At once scrappy and extravagant, “835 Hours” seemed to channel and transmute that pain, through frantic and funny dialogue, sweeping dance phrases, ambitious costume changes, commentary on academic texts — at one point, a copy of Hal Foster’s “The Anti-Aesthetic: Essays on Postmodern Culture” landed at my feet — and ear-piercing noise, as the subdued trumpet and static of Winfield’s sound composition built to a blare. Offsetting the freedom and amplitude that Newton and Wilkerson found in their movement, eye-catching video avatars of the duo appeared behind them, in which they appeared more constrained, controlled. (Wilkerson and Jacob Weinberg are credited with tech and installation design.)
Embedded in Sunday’s raucous performance of “835 Hours,” I sensed a critique of even this most socially conscious festival. “That was long; they could’ve put that in the program,” Wilkerson said after the Indigenous land acknowledgment and “inclusivity and diversity acknowledgment” that preceded the show (and every show in the festival). In what I think was an improvised exchange, Newton and Wilkerson joked (or were they joking?) about calling the cops on curators. Assuming a statuesque pose that they called “the end of the patriarchy,” they urged us to take a photo so they could sell it and “get rich.” Live art, alas, doesn’t pay the bills.

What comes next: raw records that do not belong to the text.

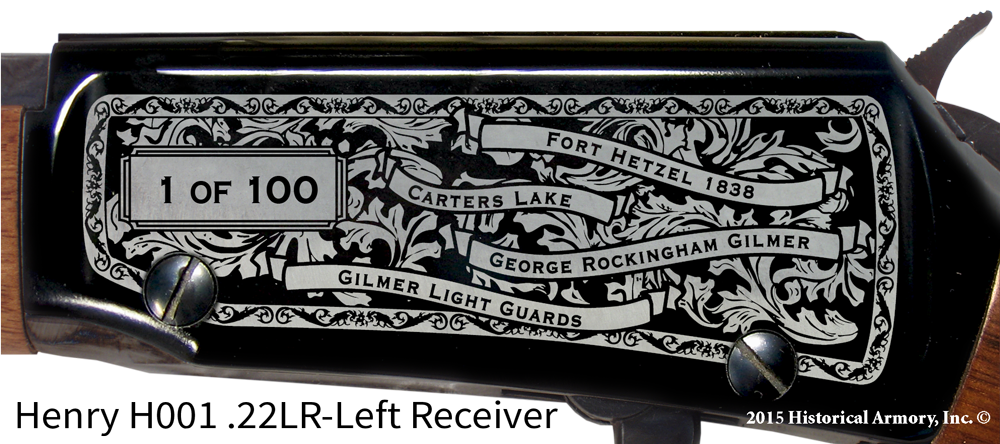 Renowned for their durability and solid construction, Henry rifles offer you a welcome shelter from the planned mechanical obsolescence so common in modern products these days. Well-maintained, they will continue to perform as designed for generations to come, perhaps even one day becoming a treasured family heirloom for your descendants. Start your own tradition of lasting permanence today with the Gilmer County Georgia Engraved Rifle, available only from Historical Armory!
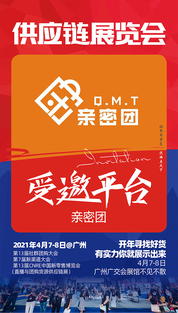 2021年开年第一展,以【新渠道,新机遇,新增长】为主题,组织更多的优秀的新渠道商、平台方、货源方、供应链、品牌方以及服务商汇聚广州,可以让平台面对面谈产品;供货商可以直接找到平台,推荐产品,亲密团诚邀供货商朋友带着产品来展位洽谈合作。
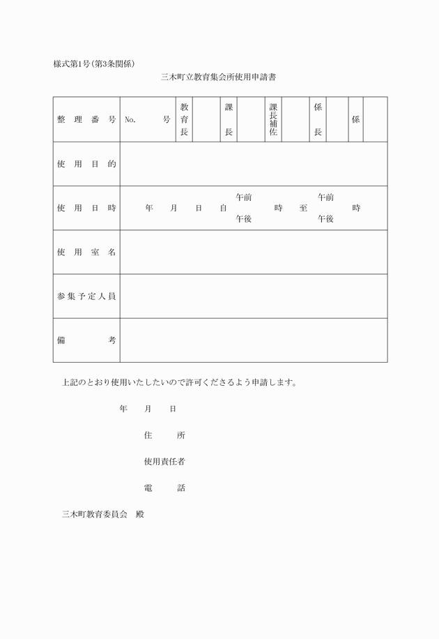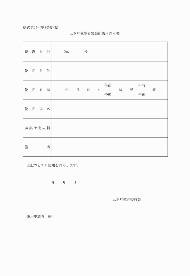 第2条 教育集会所は学校及び社会教育の目的達成に必要な集会、その他町民の諸集会に使用する。
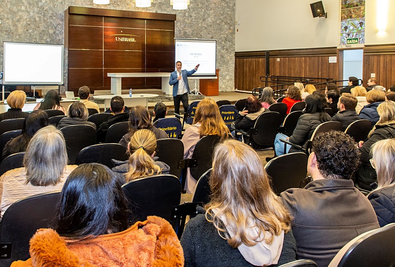 A abertura da capacitação, nesta terça (26), às 8h, no UniBrasil, teve a participação do titular da Segunda Inspetoria de Controle Externo do TCE-PR, Carlos Eduardo de Moura (instrutor do curso), e do servidor daquela unidade Joélcio Luiz Kloss.
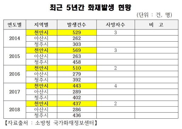 22ÀÏ Ãµ¾È½Ã¿¡ µû¸£¸é ÃÖ±Ù 5³â°£ ÈÀçÅë°è¸¦ ºÐ¼®ÇÑ °á°ú Áö³ÇØ Ãµ¾È¿¡¼ ÃÑ 437°ÇÀÇ ÈÀç°¡ ¹ß»ýÇßÀ¸¸ç, 2017³â¿¡´Â 443°Ç, 2016³â 510°Ç, 2015³â 569°Ç, 2014³â 529°ÇÀ¸·Î ÈÀç¹ß»ý°Ç¼ö°¡ Áö¼ÓÇØ¼ °¨¼ÒÇß´Ù.
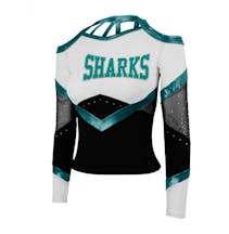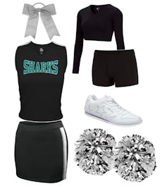 (New Cheerleaders: Sharks Cheer Uniform with crop top and boy cut briefs, 2 Practice Shirts, Warm-ups, shoes, pom poms, cheer bow, Welcome Party)
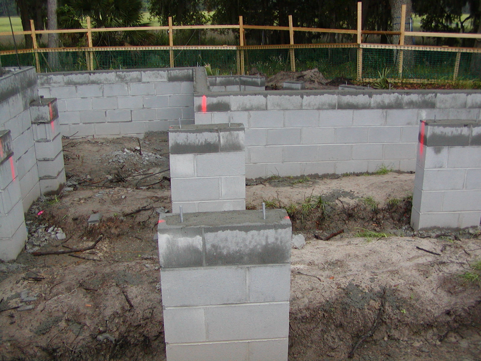 July 11, 2008 -- The screened porch has several piers for support. In the distance, you can see the curtain wall for the lower patio. | ![]() |
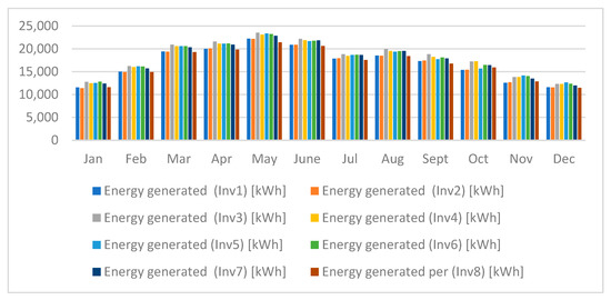 An inverter is also a component of the solar PV system. The system employs multiple inverters distributed across the PV array, enabling detailed performance tracking. Inverter-level monitoring over 12 months revealed clear seasonal patterns and inter-inverter variability. As shown in Figure 8, energy output was highest between March and May. Inverters Inv3 and Inv5 consistently outperformed others, while Inv4 and Inv6 exhibited moderate output. A downward trend toward the end of the year reflects shorter daylight hours and reduced irradiance. These data support targeted maintenance, inverter selection for future projects, and design modifications to ensure load balancing across system strings.
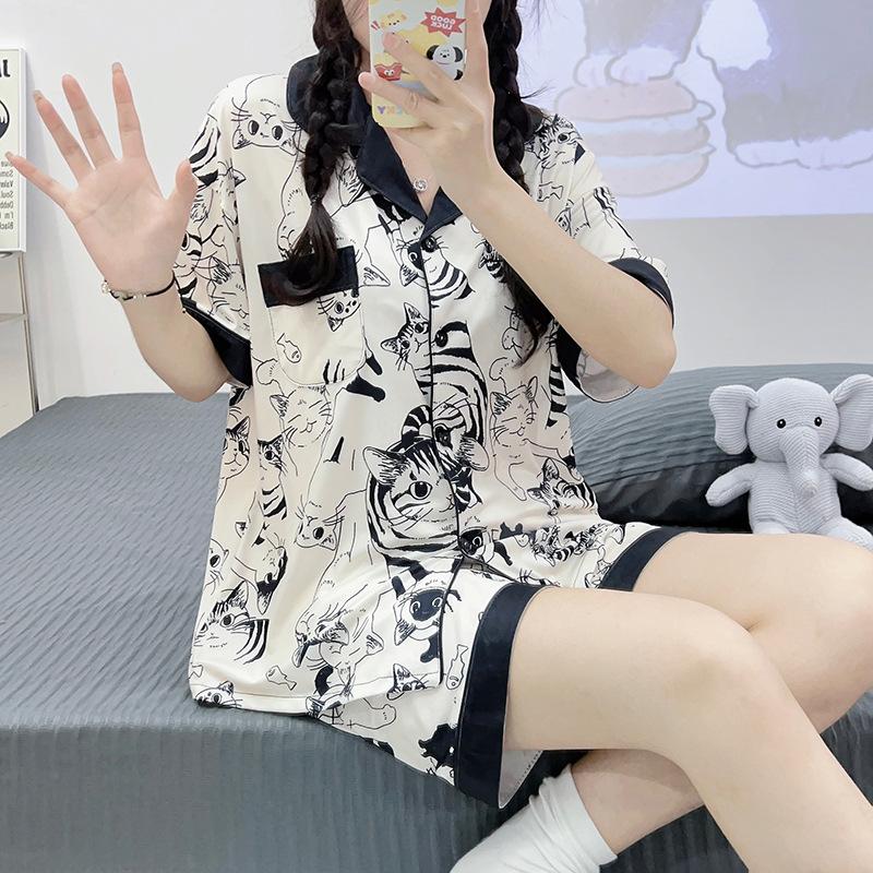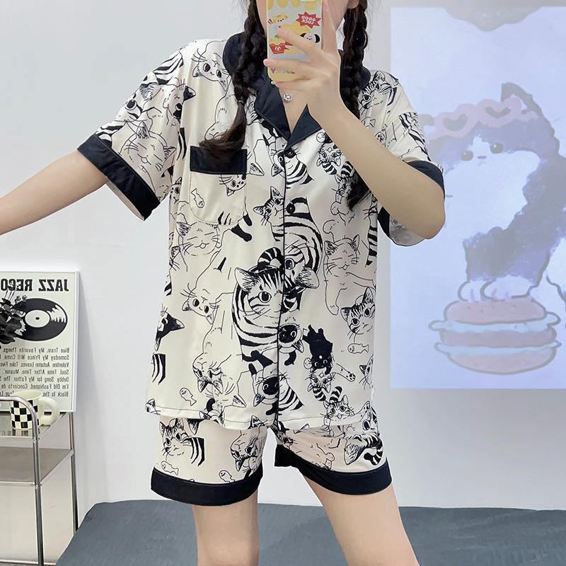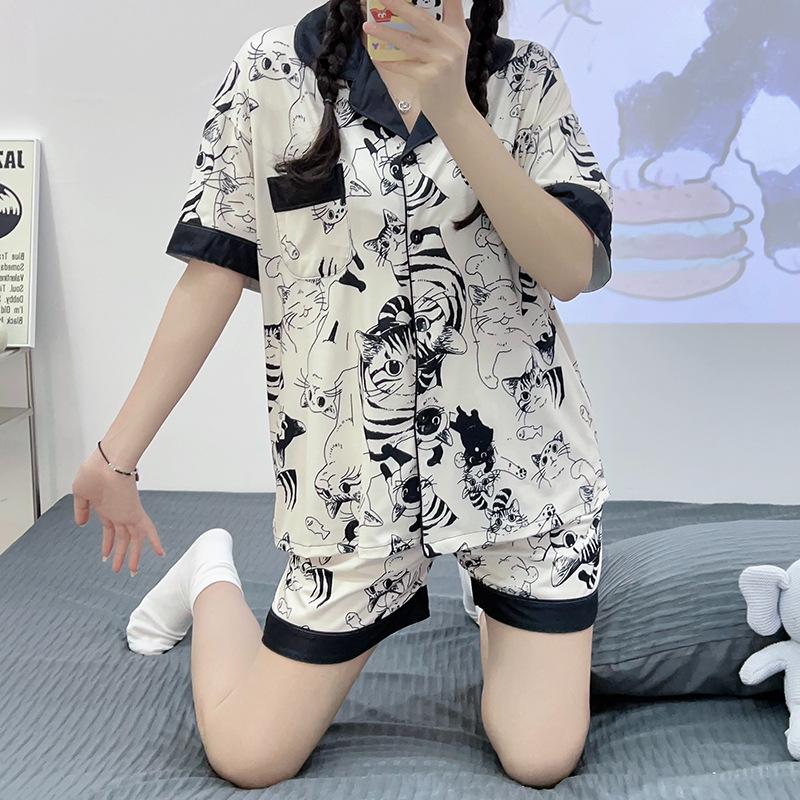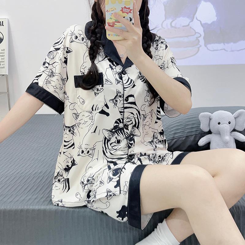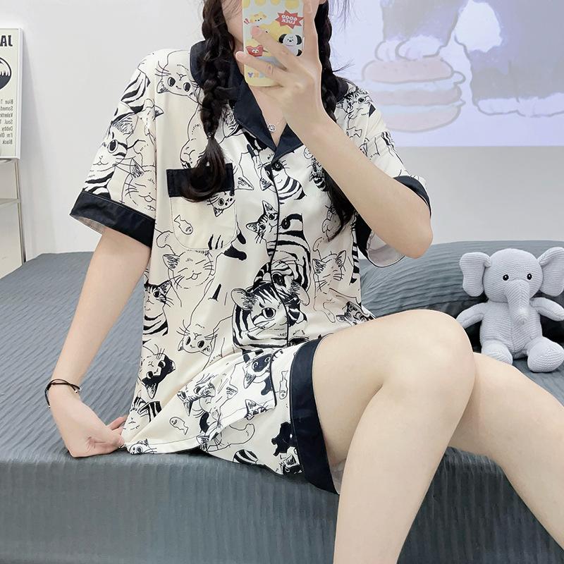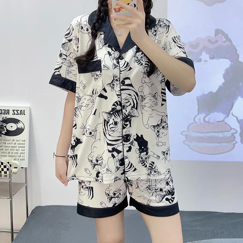 Pijama de Verano de Manga Corta de Imitación Seda Seda de Hielo para Mujer Nuevo Estilo Ins Lujo Ligero Pintura a Tinta Ropa de Casa para Mujer pijama
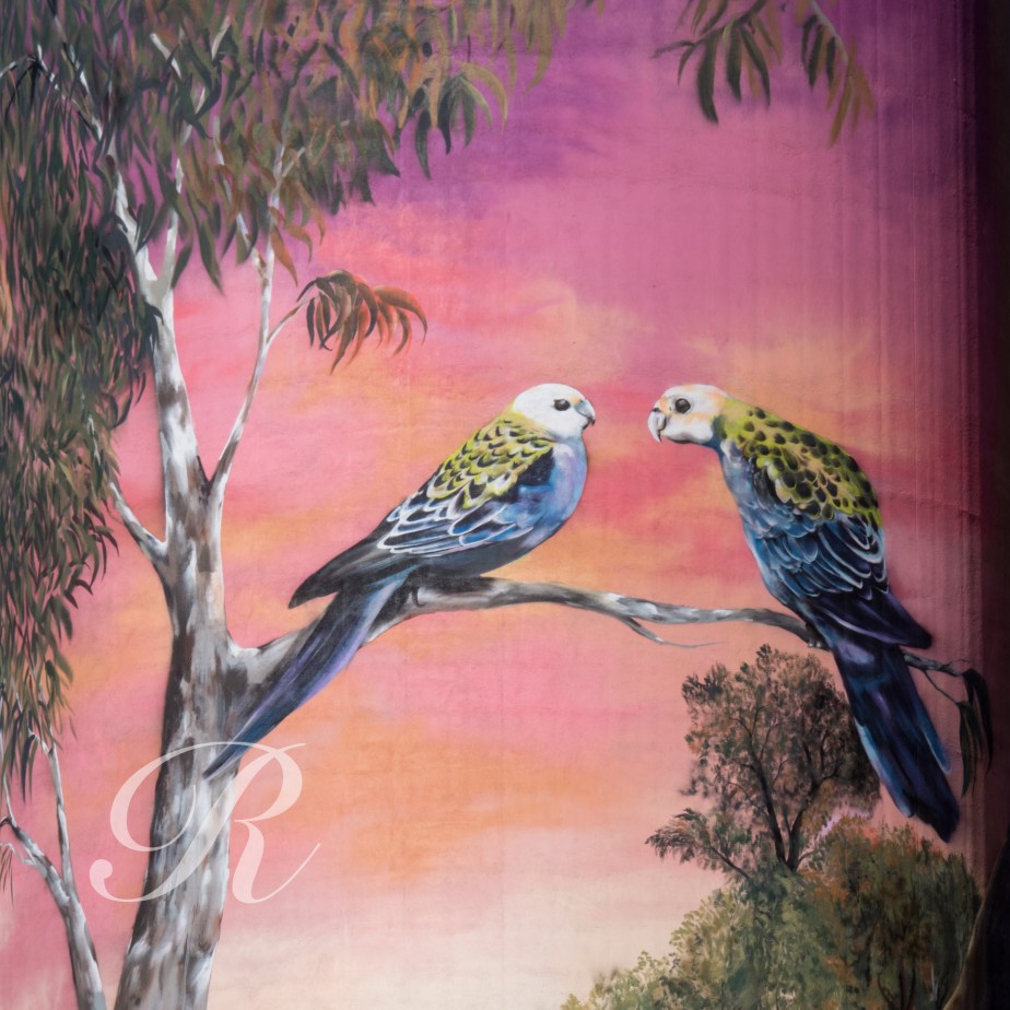 The artist is Jimmy Beattie aka Dvate and the subjects are a Squirrel Glider and a Sacred Kingfisher. The glider is a rare resident in the woods along the Campaspe while the kingfisher is a fairly common and colorful summer visitor. The medium is acrylic on silo.
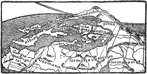 [270] According to Lelewel [Epilogue, Pl. 6] this peninsula bears the name of “Grinland,” but this cannot be seen on the somewhat indistinct original [cf. Björnbo, 1910, p. 80; Ongania, Pl. X.].
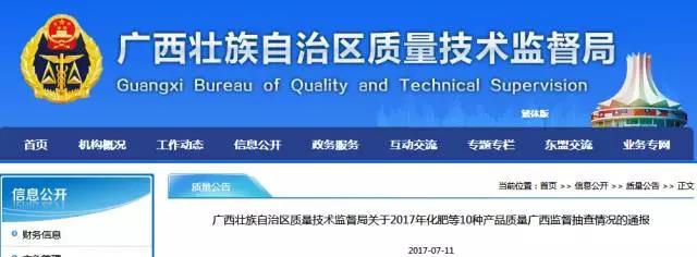 7月11日,廣西壯族自治區(qū)質(zhì)量技術(shù)監(jiān)督局網(wǎng)站發(fā)布了關(guān)于2017年化肥等10種產(chǎn)品質(zhì)量廣西監(jiān)督抽查情況的通報(bào)。 在化肥抽檢中,共抽取全區(qū)88家企業(yè)生產(chǎn)的90批次產(chǎn)品...
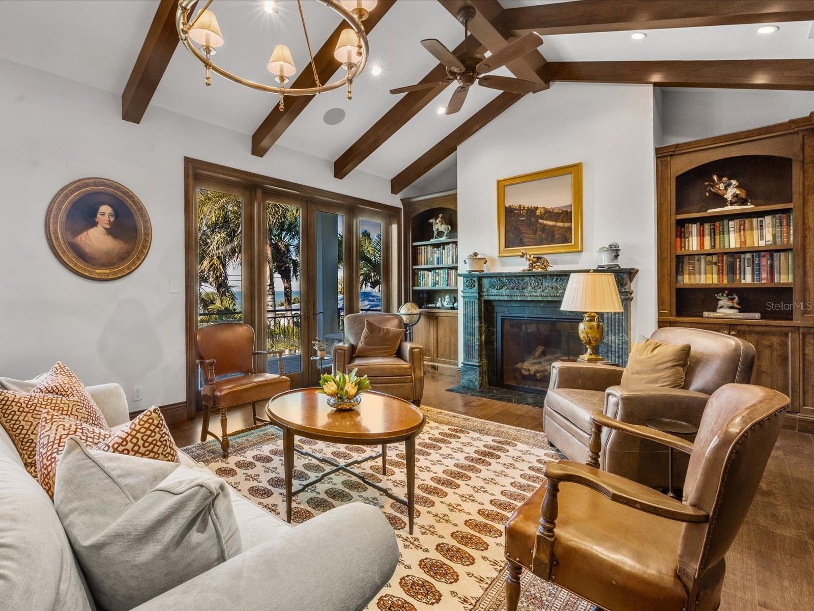Set along one of Casey Key’s most coveted stretches, 3210 Casey Key Road presents a rare Gulf-to-Bay estate where water defines nearly every moment of daily life. Enjoy your private beach with rare, grandfathered cabana and your private bay frontage with dock and irreplaceable covered boat lift. Spanning almost 5,400 square feet under air across three-plus levels, this 2018-built residence offers four bedrooms, four full baths, a powder bath, multiple living and bonus spaces and, last but not least, an indoor half basketball court, all framed by impact-rated glass and serviced by a three-stop elevator. Arrival begins through a lushly landscaped circular motor court leading to a coastal-inspired façade and a covered entry accented by wood inlay ceilings. Inside, engineered wood floors, crown molding, and curated architectural details introduce interiors that balance sophistication with warmth. The dining room captures Gulf views through an oversized window, while the library doubles as a refined retreat with beamed ceilings, built-ins, a fireplace, and French doors opening to a Gulf-facing terrace. At the heart of the home, the great room unfolds around a stone-clad fireplace and opens through Euro-wall glass doors to expansive outdoor living. The chef’s kitchen is both beautiful and highly functional, anchored by two oversized islands and finished with quartz countertops, tile backsplash, custom cabinetry, and a premier appliance suite including Wolf, Sub-Zero, Miele, and Vent-A-Hood. A walk-in pantry with additional prep space, a light-filled breakfast nook overlooking the bay, and a well-appointed laundry room complete the main living level. Two private primary suites on the main floor offer exceptional flexibility, each opening to terraces with pool and Intracoastal views. One features a steam shower and tailored walk-in closet, while the other is styled as a spa retreat with chandelier-lit marble finishes, a freestanding soaking tub, and a custom-designed dressing room. Upstairs, a lounge-style bonus room with wet bar and Gulf views creates an ideal gathering space, accompanied by two guest suites, both enjoying tranquil Intracoastal outlooks. The expansive lower level introduces remarkable versatility, with bonus living areas including a dedicated craft room and extensive storage rarely found in coastal homes. An indoor half-court basketball court makes this amenity driven property even more interesting. Outside, the estate truly comes into its own. A heated saltwater infinity-edge pool and spa anchor the backyard, complemented by an outdoor kitchen, pergola with gas firepit, outdoor shower, and pass-through bar for effortless entertaining. A Trex boardwalk leads to the dock and rare and irreplaceable covered boat lift, offering direct Gulf-to-Bay boating with no fixed bridges. On the beach side, a grandfathered cabana is the perfect venue for enjoying specular everyday sunsets. Situated on approximately 0.82 acres, the property provides both scale and privacy, framed by mature landscaping and sweeping water views on both sides. Set on the serene barrier island of Casey Key, this Gulf-to-Bay estate offers effortless access to boating, beach, and the dining and cultural scenes of Venice and Sarasota. More than a home, 3210 Casey Key Road is a refined coastal retreat where sophisticated interiors, resort-style amenities, and exceptional waterfront living come together.
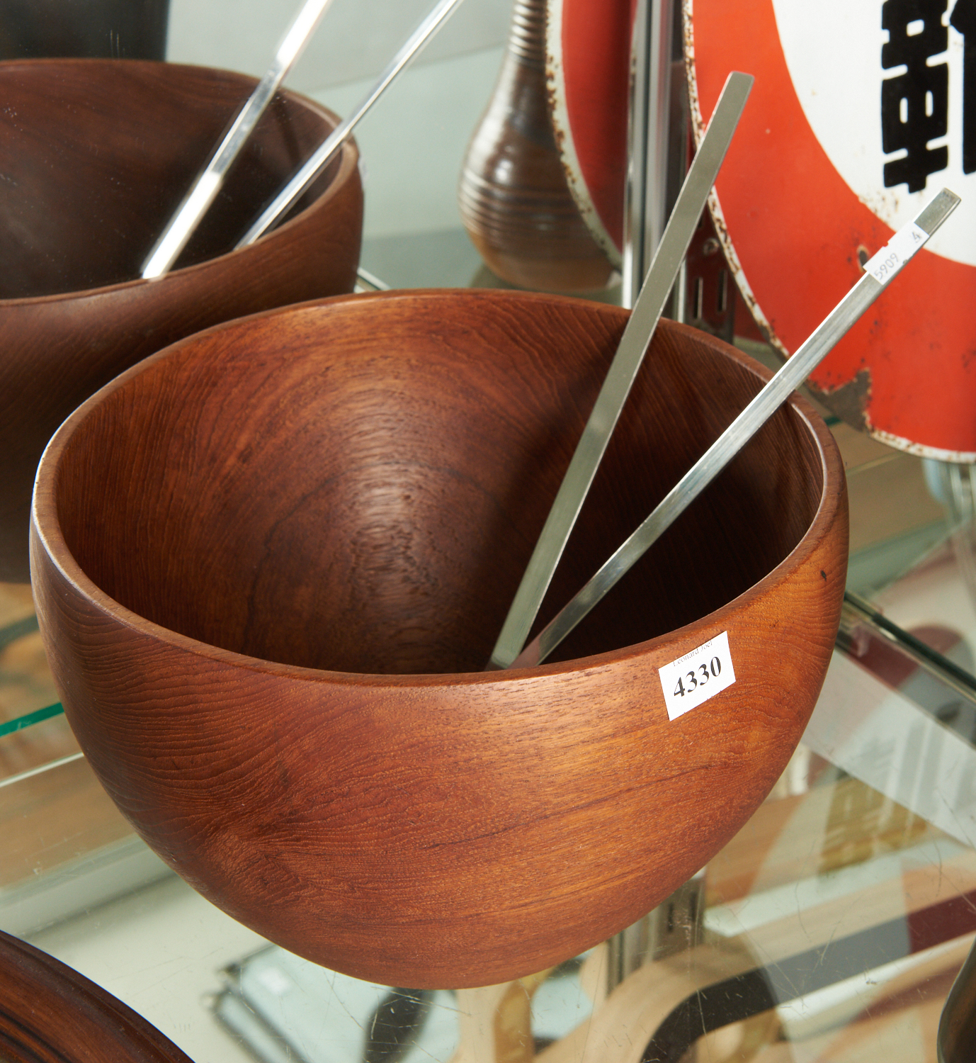 A DANISH MID-CENTURY TEAK SALAD BOWL WITH STAINLESS STEEL SERVERS (26 CM DIAMETER), LEONARD JOEL LOCAL DELIVERY SIZE: SMALL
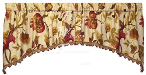 The Tudor Valance is fully lined and is available in three sizes. This window valance comes standard with either ball fringe, braid trim or scalloped fringe applied to the bottom edge. Optional tassel fringe is available as an option to replace the standard trims.
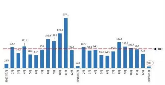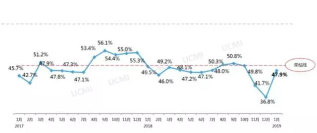 经销商库存量虽然有所下降,但始终位于荣枯线以上,依然不能保持乐观。根据中国汽车流通协会发布的“汽车消费指数”,从汽车消费指数的分指数来看,2019年1月的需求分指数为9.0,消费者购车需求创新低。

A lighter but still tense mood hovered over Symara Johnson’s exhilarating “The Kitchen Sink Wrangler at the Midnight Rodeo” last Friday. Here, the tension arose from Johnson’s sly questioning of the audience — “What’s the difference between me and you?” she asked at one point, before clarifying, “It’s rhetorical!” — and from her intrepid interactions with a suite of plastic chairs, which she hoisted, dragged, tipped and balanced on. (In a post-show talk, she aptly described this activity as “beating up objects.”) This came after a stunningly strong opening: a hip-winding dance to Tems’s “Replay” that had the audience screaming, and that demonstrated, right off the bat, just how fearlessly Johnson can commit to a task.
Shifting into a more conversational gear, Johnson closed with highlights from her study of trick rope, which she’s taken up via YouTube in recent years. In addition to being fun to watch, these maneuvers extended the work’s underlying themes of truth versus fiction, of reality versus what lies beyond it.
“I really like to go to the edge,” Johnson said in an earlier monologue. In “Kitchen Sink,” she went there — and fully brought us with her.
Out-FRONT!
Through Thursday at the L.G.B.T. Center, Manhattan; pioneersgoeast.org.